I don’t think I agree because it’s like saying accounting is just elementary level addition, subtraction and multiplication. But elementary school kids can’t do accounting.
DL requires a certain degree of mathematical maturity to grasp.
For me the hardest part of learning ML was getting over imposter syndrome. It felt like I needed a PhD and hardcore math skills. That’s what made me so hesitant in learning it. I thought: there’s already so many people much more smarter and advanced for me. Why even bother?
It wasn’t until I was “forced” to learn it to solve a problem I was facing, that I realized ML is just like any other engineering topic - whether it’s devops or data engineering. You just need motivation, some patience and ideally a project/problem that you can solve while learning all this stuff.
> For me the hardest part of learning ML was getting over imposter syndrome. It felt like I needed a PhD and hardcore math skills
ABD (all but PhD dissertation) here with strong math skills. I get the imposter syndrome, but let me absolutely assure you that the community at large does not have strong math skills. I routinely talk to people doing diffusion research that don't know what covariance is or pdf. People from top ranked schools, with high paper counts and high citation counts. Expertise is often more narrow than it appears. That's okay, as long as we're honest about it.
Don't get me wrong, I wish there was more math involved and efforts were more serious. But they aren't. The space is very noisy and little is being done to clean it up (there are some, and I do appreciate those efforts). I'll add that there's one thing more that you need besides motivation and patience: perseverance. ML systems are hard to debug and difficult to evaluate (maybe not for papers, but absolutely for systems that work in the real world).
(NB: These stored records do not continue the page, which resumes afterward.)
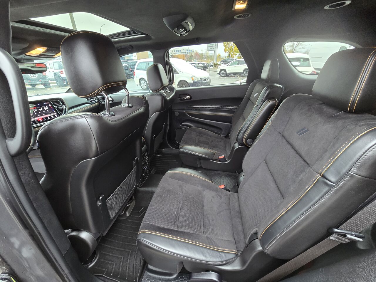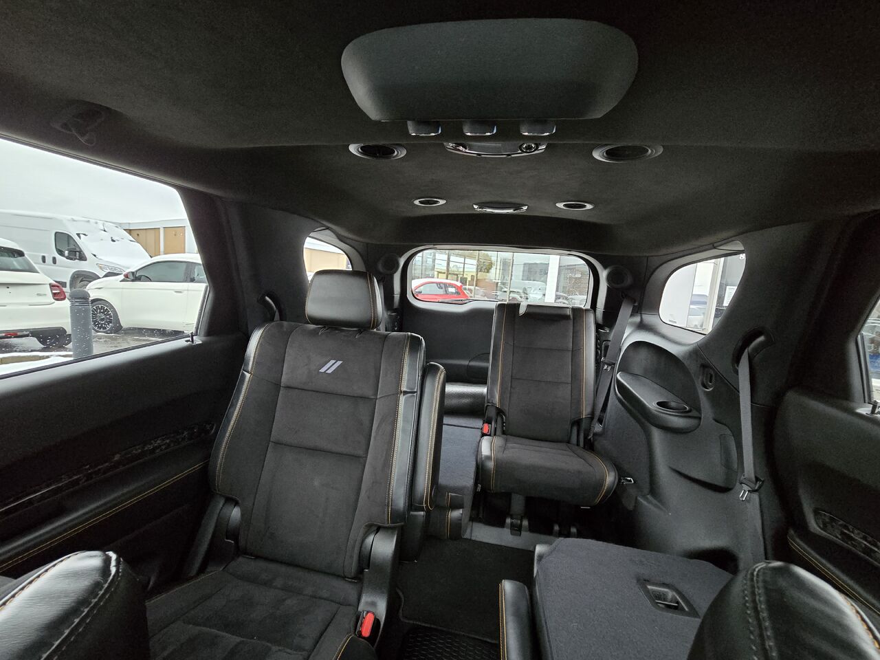 • banquette divisée de 3e rangée fixe rabattable 50/50 en vinyle faisant face à l'avant avec 2 appuie-tête à réglage électrique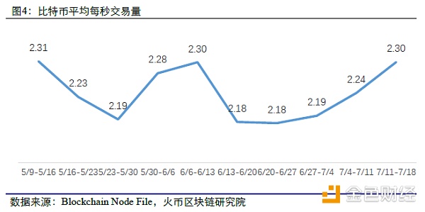 本周比特币平均每秒交易量为2.3笔,相对上周有所上升,并连续四周上升。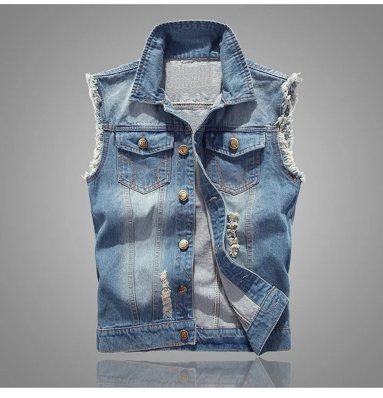 Жилет мужской джинсовый рваный, жилет из денима, Джинсовая безрукав...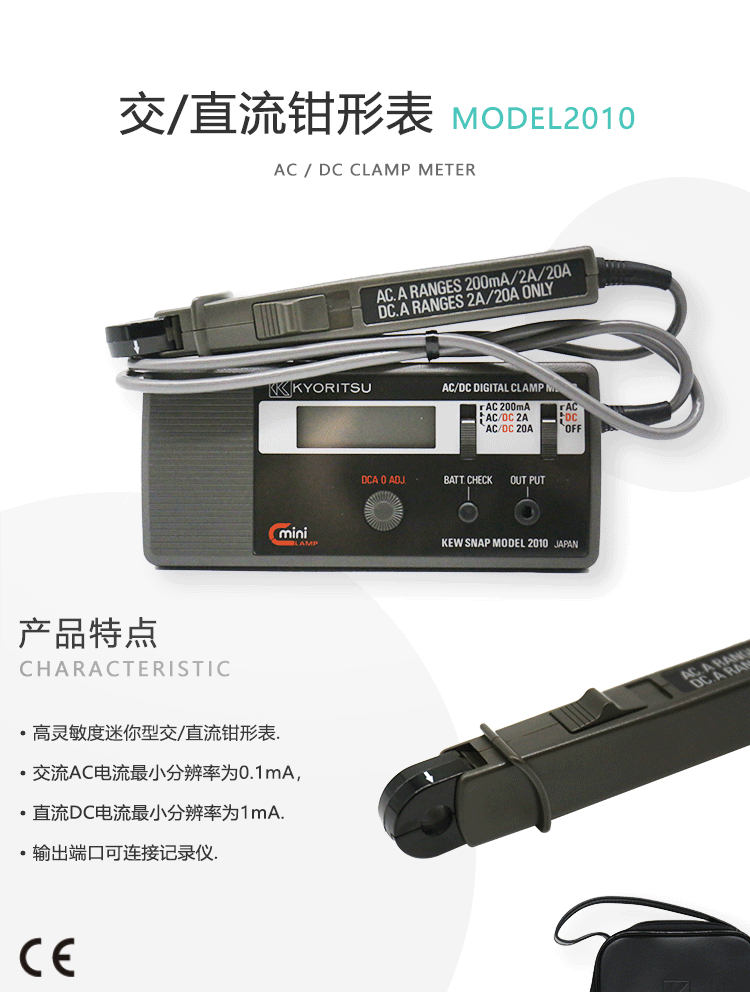 商品名称:克列茨日本共立(KYORITSU)2010 数字交直流钳形表 毫安表 2010(毫安级别高精度电流钳表)单位:台

It's okay to not get things perfectly and it is totally okay to not have a model with decent generalization, but context is always important and part of the debugging process is trying to trace these down (which is difficult because you need to do more abstract versions of what is analogous to the silly or random inputs being passed to code). Detecting overfitting is often quite hard and honestly sometimes it is even desirable (GPT being overfit makes it great for information retrieval!).
Also, something I tell my students when I teach ML: you don't need math to train good models, but you do need math to know why your models are wrong. So I highly encourage math, but don't let that stop you from getting started. You can also just have a math heavy person on your team and get many benefits that way.
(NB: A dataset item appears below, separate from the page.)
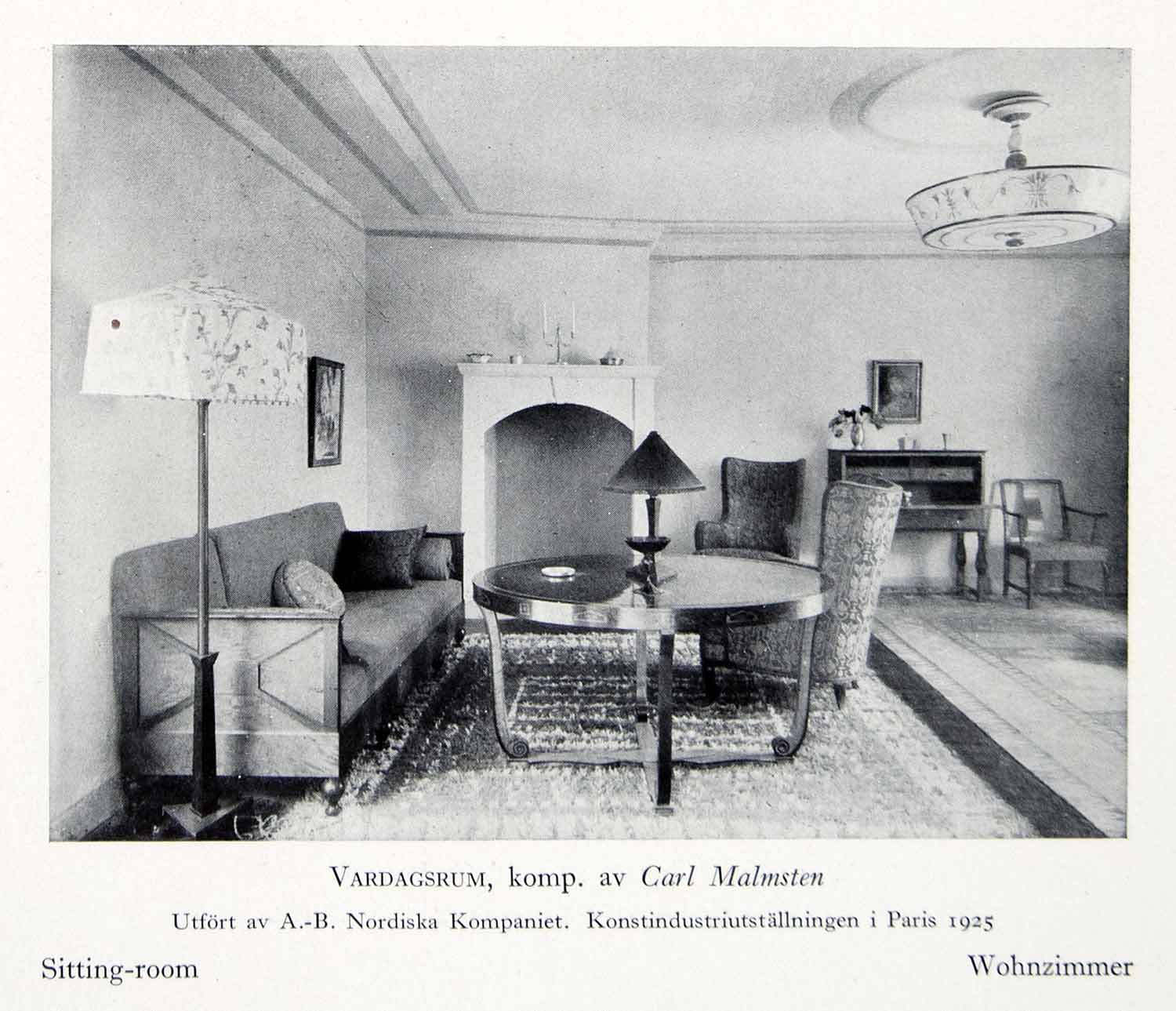 This is an original 1931 black and white halftone print of a sitting room in a house in Stockholm, Sweden.

Also, like most topics, there are multiple levels of understanding, and you generally don't have to reach the deepest layers to be somewhat productive.
One difference from other engineering topics is ML brings a hope that it will solve itself. You make a plan, you implement it, you train the model for days, the problem is not yet solved, but if you let it train a little longer maybe it will be?
> It felt like I needed a PhD and hardcore math skills
I don't know if this helps more or make it worse. But I have both and getting the same feelings all the time. But basically you just need good statistics and linear algebra knowledge, and you will be fine (on the math side).
> there’s already so many people much more smarter and advanced for me. Why even bother?
That's the very definition of imposter syndrome put in a very good way. But you can ask the same for everything, not only ML. kudos on getting through it, though.
99% of the time people say linear algebra is required for something, they mean knowledge basic operations and properties of tensors more than actual "algebra". I found this when doing computer graphics. Is that true as well here?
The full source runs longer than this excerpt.